Combining the mathematical basis for designing moving and static structures could be the key to making more stable machinery, according to researchers from
It could lead to buildings and structures which can withstand high winds and earthquakes better, and at a lower cost, than current design techniques, claims research leader Gordon Pennock.
The system bridges the gap between civil engineering principles, which depend on the way forces interact with static objects (known as the science of statics) and mechanical engineering, which largely uses theorems dealing with the science of motion, or kinematics.
Pennock, a mechanical engineer, has been working with Israeli civil engineer, Offer Shai of Tel Aviv University, to derive new theorems which combine the mathematics of statics and kinematics.
‘These new theorems represent a common language and provide an understanding of what we call the duality between kinematics and statics,’ said Pennock. ‘The practical result is that engineers can use this knowledge to design better structures and better machines.
‘Civil engineers understand the mathematics of forces and moment, and mechanical engineers understand velocity and acceleration maths,’ he said. ‘We have shown that these concepts are, in fact, analoguous.’
A particular strength of the technique is that it will allow civil engineers to take account of the moving forces, such as torque, which affect buildings and structures during earthquakes. Static structures are built to be extremely strong in one position, but if the position changes, because of a twisting or pushing force, the strength might become compromised.

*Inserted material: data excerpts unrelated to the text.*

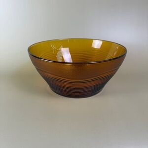 Vintage Duralex Amber Glass Serving Bowl | France | Large Ribbed Mid-Century
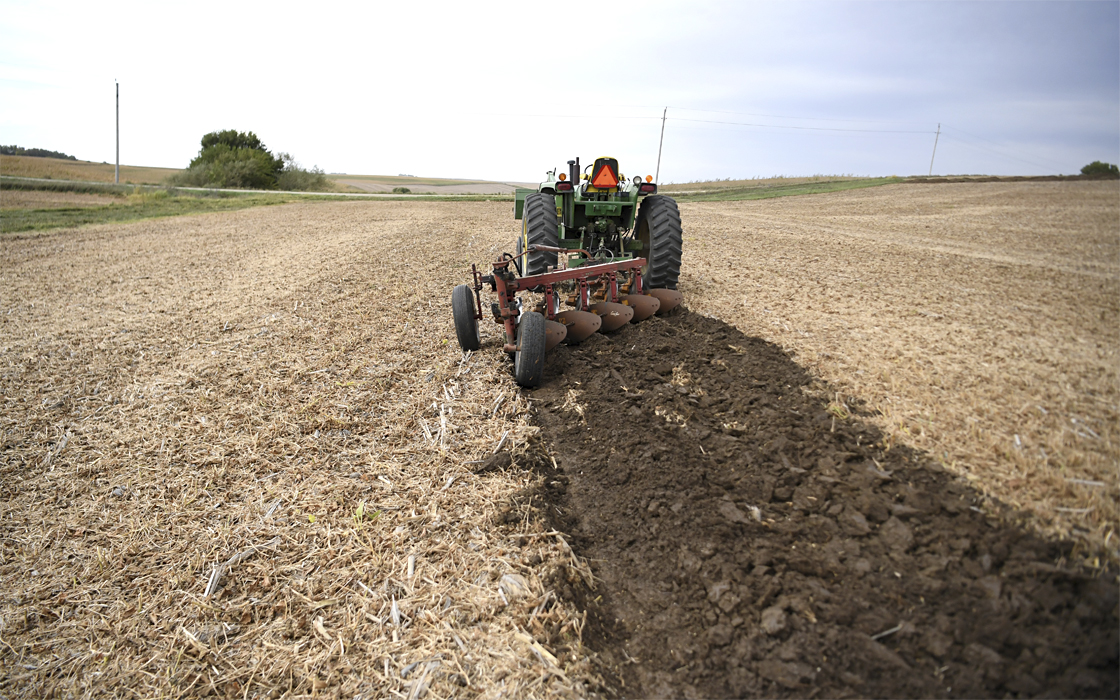 with horses and put in corn through a process called check row planting, gave up the plow as a major tillage tool in the early 1960s, and
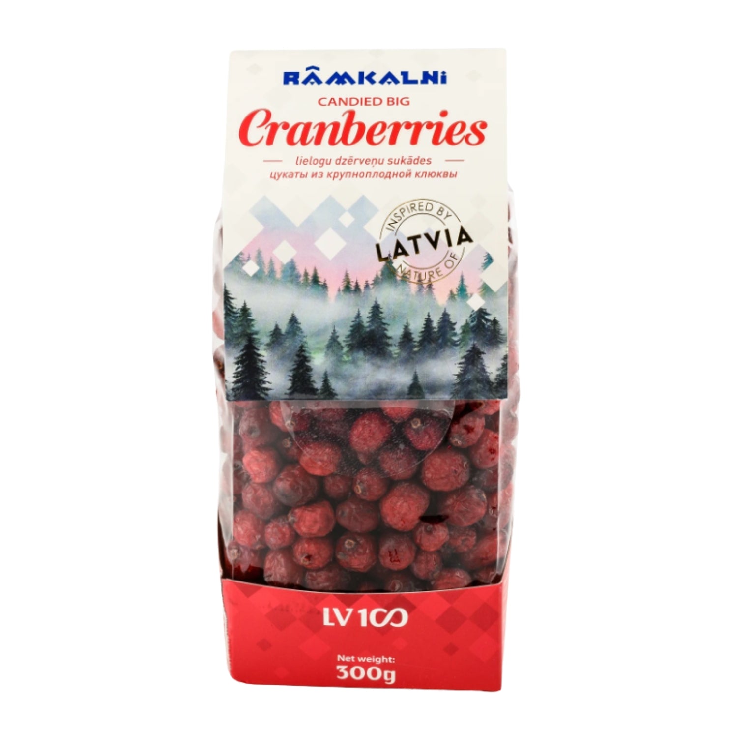 - Lielogu dzērveņu sukādes – gardas un viegli skābenas sukādes, kas gatavotas no sulīgām lielogu dzērvenēm. Šis našķis ir bagāts ar dabīgu garšu un lieliski piemērots gan ikdienai, gan svētku galdam. Ideāli piemērotas kā piedeva desertiem.
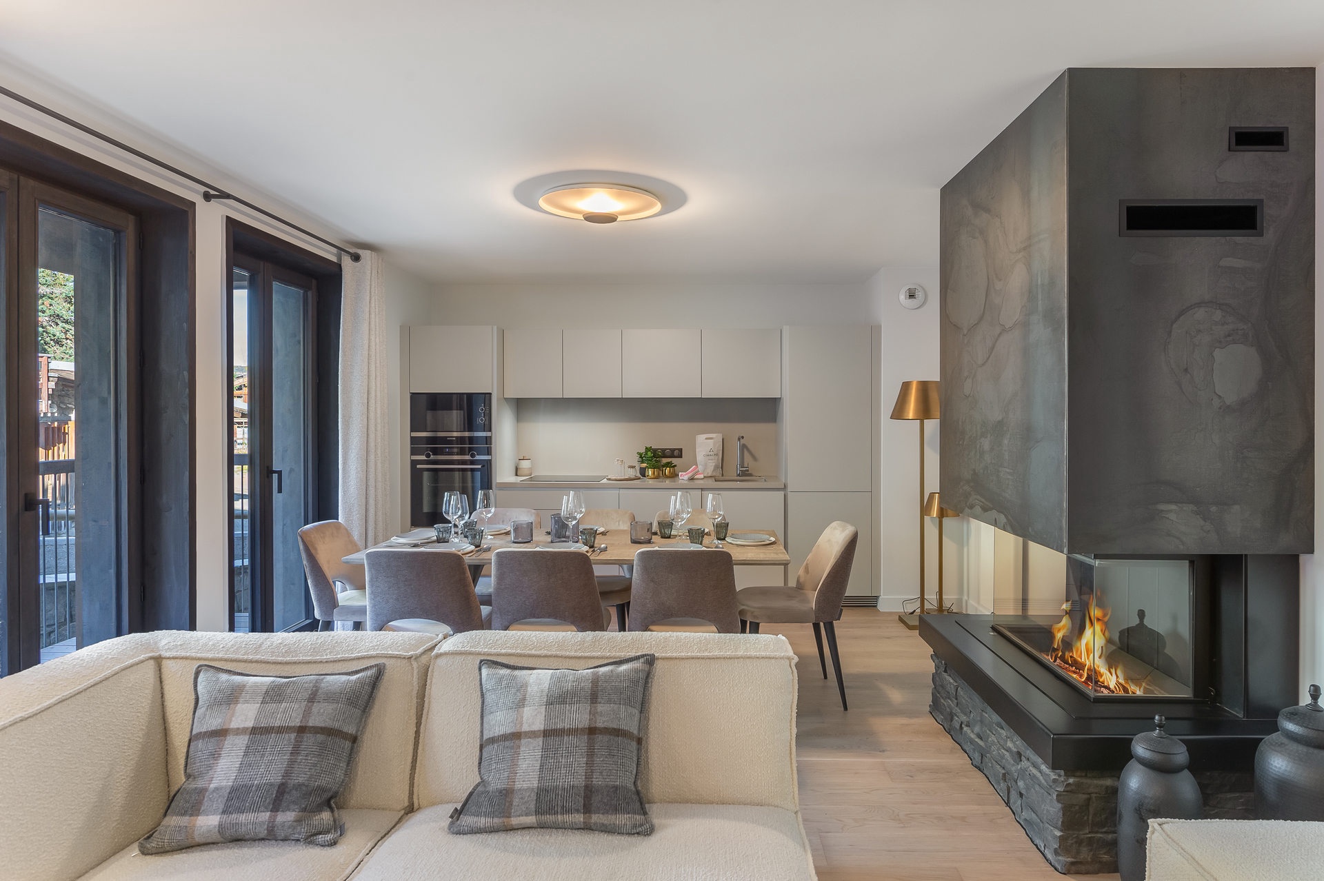 Appartement neuf avec 4 chambres de 117m² pouvant accueillir 8 adultes. Situé dans la résidence ALPAMAYOR à quelques pas des commerces et à deux pas des pistes, cet appartement comprend:
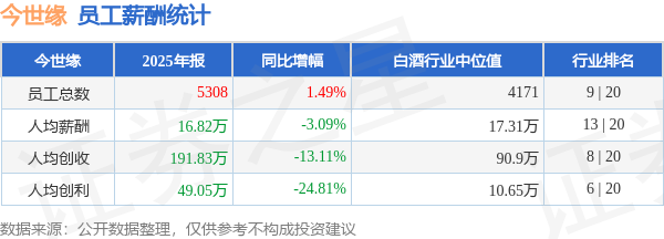 证券之星消息,4月29日今世缘公布2025年年报,当年营收101.82亿元,同比减11.81%;净利润为26.04亿元,同比减23.69%。根据财报数据披露,当年公司员工总数5308人,同比增1.49%;人均薪酬16.82万元,同比减3.09%;人均创收191.83万元,同比减13.11%;人均创利49.05万元,同比减24.81%;公司员工薪酬统计见下表:
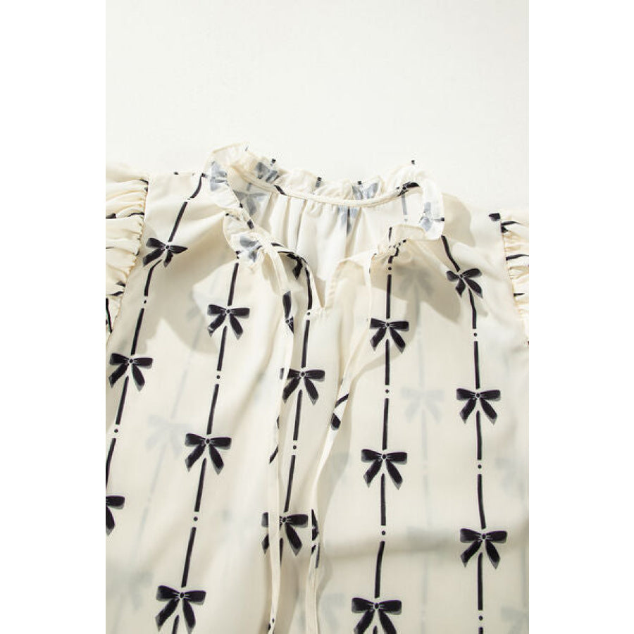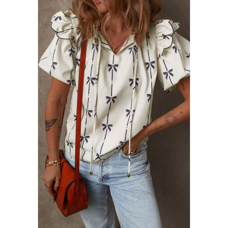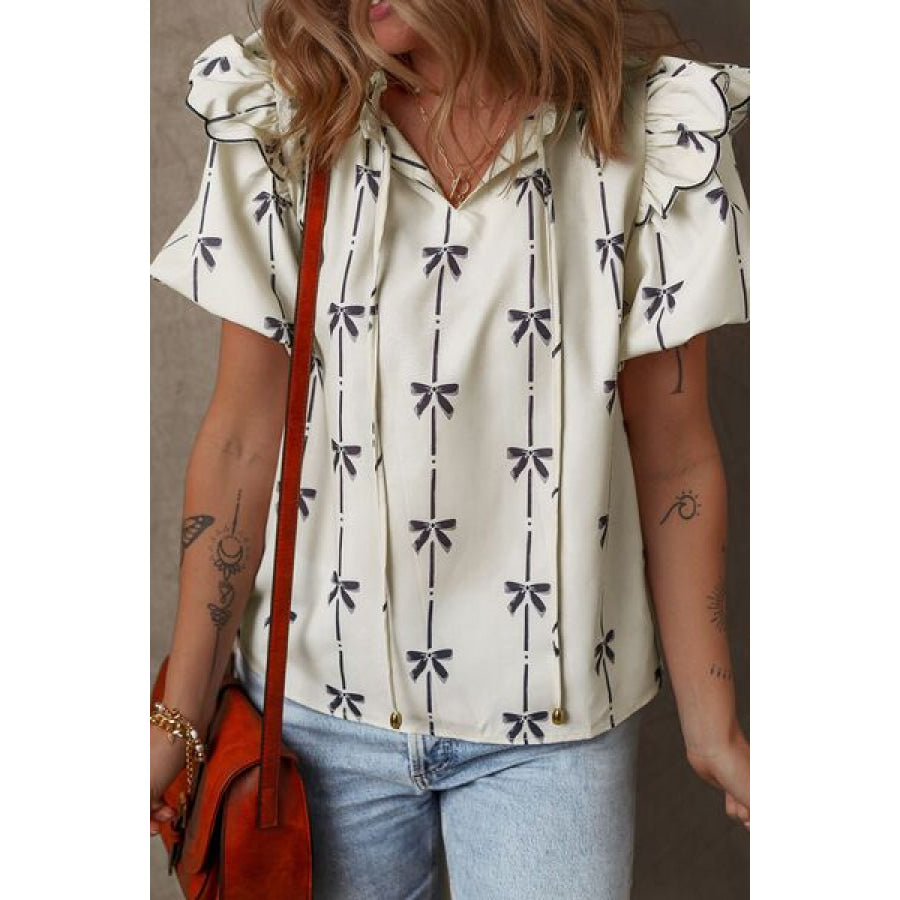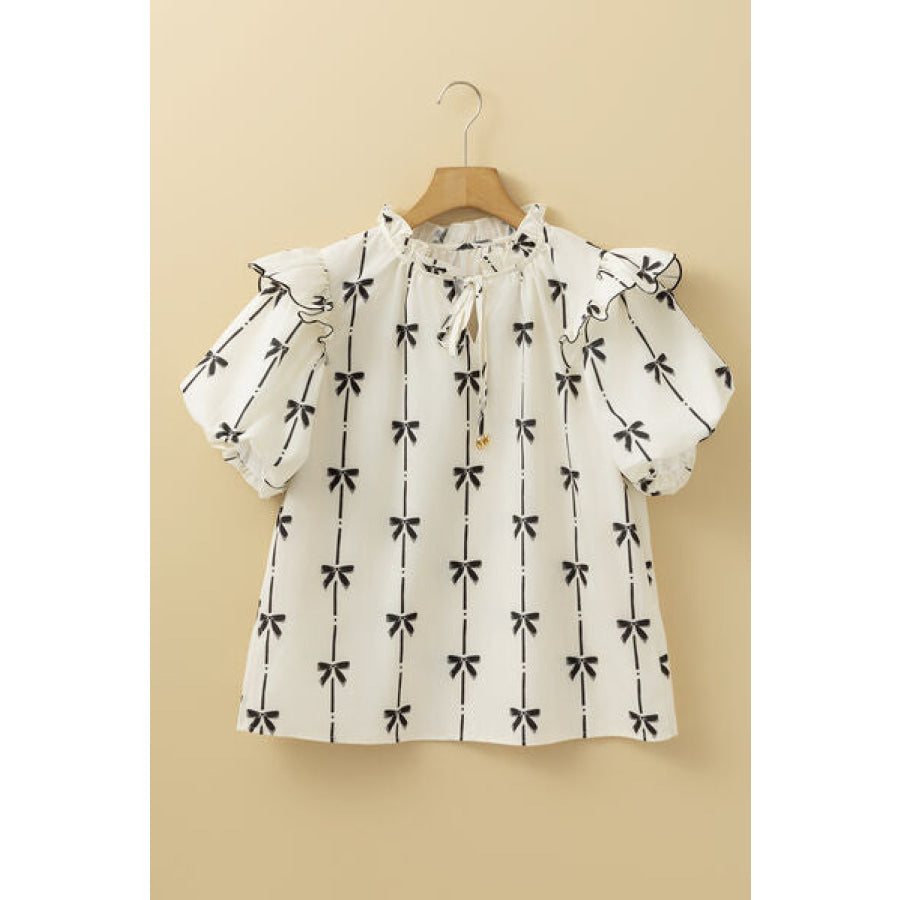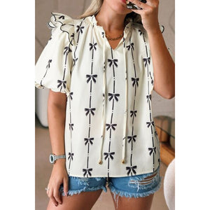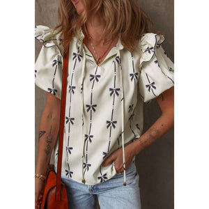 Bow Print Tie Neck Short Sleeve Blouse
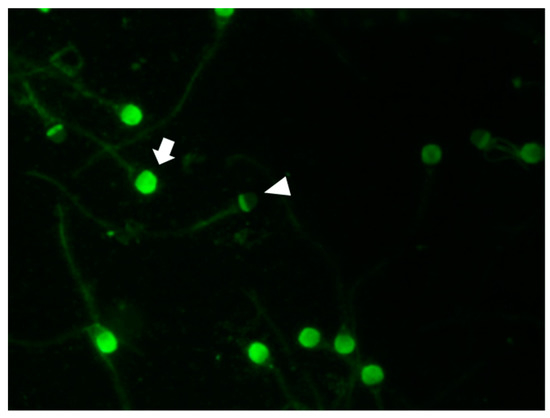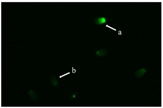 Fluorescein isothiocyanate-conjugated peanut agglutinin (FITC-PNA) was used to assess the integrity of the sperm acrosomal membrane [24]. A post-thaw 30-µL drop of semen was smeared onto a clean glass slide. Air-dried smears were fixed with absolute methanol for 10 min at 20–22 °C and allowed to dry. Staining was performed by spreading 30-µL of FITC-PNA solution (100 µg/mL in PBS) onto each smear. Slides then were incubated in the dark under moist conditions for 30 min at 37 °C, rinsed with PBS, air-dried, and mounted with glycerol. Sperm acrosome status was examined using an epifluorescence microscope (Eclipse Ts 2, Nikon). At least 200 sperm per slide were examined and classified according to the presence (strong green fluorescence, Figure 3) or absence (no fluorescence, Figure 3) of an intact acrosome.
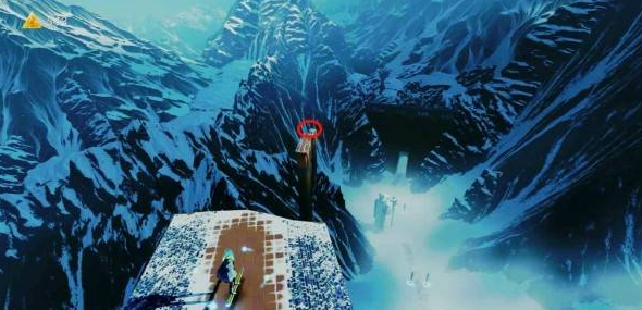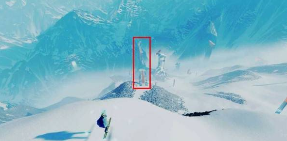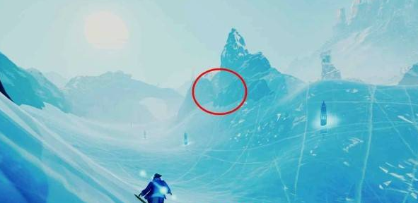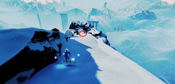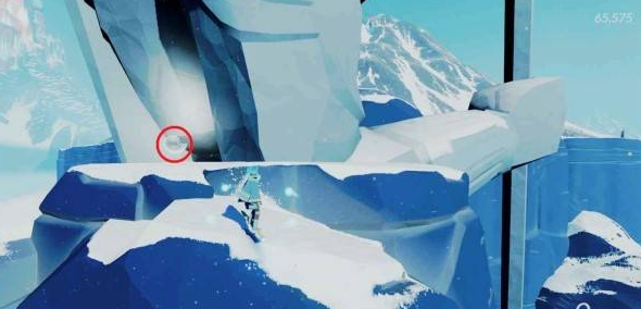 在同一个位置往回看拱形石头,从左侧雪坡加速跳到拱形石头顶部即可看到贝壳。
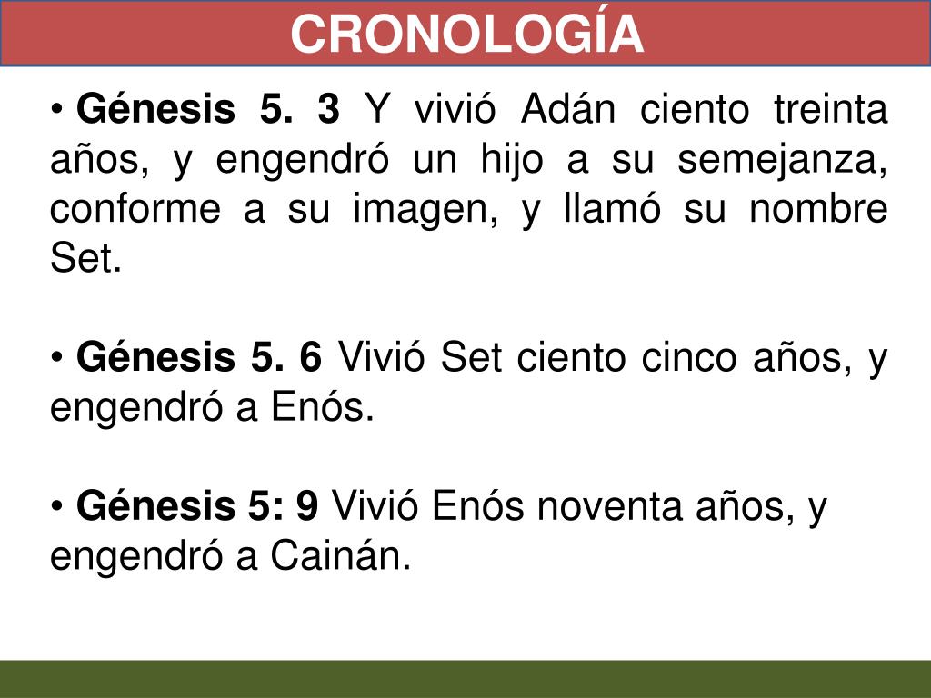 CRONOLOGÍA • Génesis 5. 3 Y vivió Adán ciento treinta años, y engendró un hijo a su semejanza, conforme a su imagen, y llamó su nombre Set. • Génesis 5. 6 Vivió Set ciento cinco años, y engendró a Enós. • Génesis 5: 9 Vivió Enós noventa años, y • engendró a Cainán.
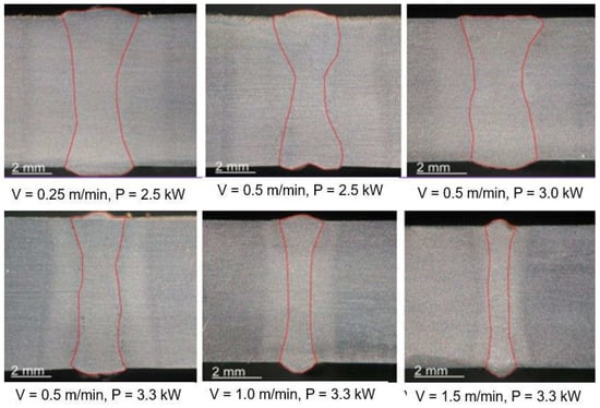 The effect of the TruDisk 3302 disk laser keyhole welding parameters, welding speed—V and laser beam power—P, on the shape and quality of the weld beads of butt welded joints of S335 steel sheets 6.2 mm thick. The TEM00 laser beam was focused on the top surface of the joint. Focal length—223.0 mm and focus dia.—80.0 μm. Argon shielding gas, flow rate—10.0 L/min [1].
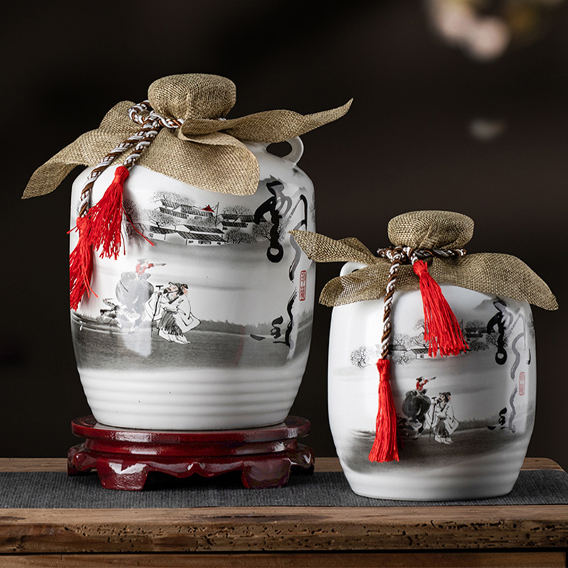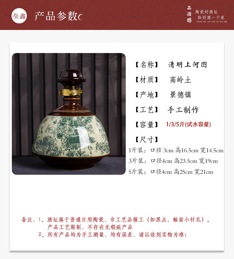 包郵便景徳鎮陶磁器酒瓶1斤3斤5斤入清明上河図密封酒壇家庭用酒瓶酒缶

‘Today, if you want to design a sturdy structure that does not become unstable, you have several choices,’ explained Pennock. ‘You can use the highest quality materials and add many supporting members.’ However, he said that combining static and kinematic mathematics will give designers more insight into the physics that govern how the structure will react to the forces affecting it, and its stability. ‘This, in turn, should enable the designer to create a safer structure, at or below the cost of current designs.’
The system could also be used in the design of engineering robots, particularly those that work on ‘multiple platforms’. One example of this might be a spherical robot, with three curved plates nested inside each other, for space applications; these could be used for structures which need to be compact for launch, but expanded for deploying in orbit, such as solar panels and antennae.
Another could be a robot with two platforms at different heights — the lower one standing on four legs, all on the ground, and the upper with two legs on the ground and two on the upper platform.
‘In robotics,’ explained Pennock, ‘you want the payload to have at least six degrees of freedom, like you have with your arm or shoulder. But what if something happens to impair the motion of a robot, so that it can no longer use all of its joints, and it gets locked in a position that makes it vulnerable to collapse?
‘Kinematics alone cannot solve such a problem,’ he said, ‘so you want to include the mathematics of statics in the design to ensure that your multiple-platform robot remains stable in a variety of configurations.’